22 of 216 comments (clear)

  1. All comes down to budget by Admodieus · · Score: 5, Informative

    In most organizations, the IT department is treated as pure cost instead of something that provides strategic value. These IT departments have no chance of getting a budget approved that will allow them to "start over" on any part of their implementation; hence the constant onslaught of temporary fixes and patches.

    --
    "It's a reverse vampire...they....they crave the sun!"
    1. Re:All comes down to budget by Opportunist · · Score: 4, Insightful

      Budget and the lack of ability to see ahead, on the side of the decision makers.

      Far too often decision makers are not the people who also have to suffer, I mean work with the tools they bought.

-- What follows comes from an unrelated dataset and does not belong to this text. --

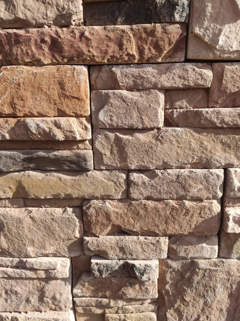 A panelen belül minden kődarab téglalap vagy négyszög alakú, de a sorok eltérő magasságúak. A panel nem vastag és nincs robosztus hatása.

They are often easily swayed by a nifty presentation from a guy who doesn't know too much either but promises everything, and of course the ability to cut cost in half, if not more, so they buy. Only to find out that the solution they bought is not suitable to the problem at hand. And then the bandaids start to pop up.

      --
      We used to have a Bill of Rights. Now, with the rights gone, all we have left is the bill.
    2. Re:All comes down to budget by Megaweapon · · Score: 4, Insightful

      They are often easily swayed by a nifty presentation from a guy who doesn't know too much either but promises everything, and of course the ability to cut cost in half, if not more, so they buy.

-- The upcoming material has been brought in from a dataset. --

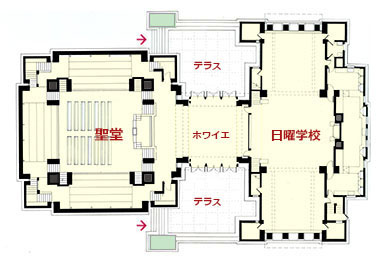 ホワイエ(玄関)と、ユニティ・ハウスの日曜学校

      If you've worked in a huge shop, you know that the big software vendors send reps out to IT managers for golf outings and the like. Screw it if the software works or not, just fluff up the guy with the budget rubber stamp.

      --
      I'm sure "SlashdotMedia" will improve on all the wonders that Dice Holdings blessed us all with
    3. Re:All comes down to budget by eln · · Score: 5, Informative

      The problem is not with kludges themselves, but with the fact that IT management does not stress documentation and proper change control procedures enough. If a kludge works, is documented, was implemented with proper change controls, and can be repeated, is it really a kludge anymore? IT has to screw around with stuff to make it work, that's what they (we) get paid for. If all we ever had to do was click on an install button and have everything work perfectly from there, what would be the purpose of an IT department at all? Off-the-shelf software and hardware can never be made to work perfectly for everyone's requirements. IT folks are paid to get non-unique components to work for unique requirements.

      The problem is not with these fixes, it's that nobody ever documents what they did, and documentation is not readily available when needed. So, these kludges become tribal knowledge, and people only know about them because they were around when they were implemented or they've heard stories. When this happens, these wacky fixes can come back and bite you in the ass later when something mysteriously crashes and no one can get it to work like it did because nobody remembers what was done to make it work before. As people come and go, and institutional knowledge of older systems slowly erodes, we end up in a situation where everyone thinks the current system is crap, nobody knows why it was built that way, and everyone figures the only way out is to nuke the site from orbit and start over. The trick is keeping it from getting to that point.

      Of course, nobody likes jumping through all these hoops like filing change control requests or writing (and especially maintaining!) documentation, so it gets dropped. IT management is more worried about getting things done quickly than documenting things properly, so there's no incentive for anyone to do any of it. Before long, you get a mass of crap that some people know parts of, but nobody knows all of, and nobody knows how or where to get information about any of it except by knowing that John Geek is the "network guru" and Jane Nerd is the "linux guru".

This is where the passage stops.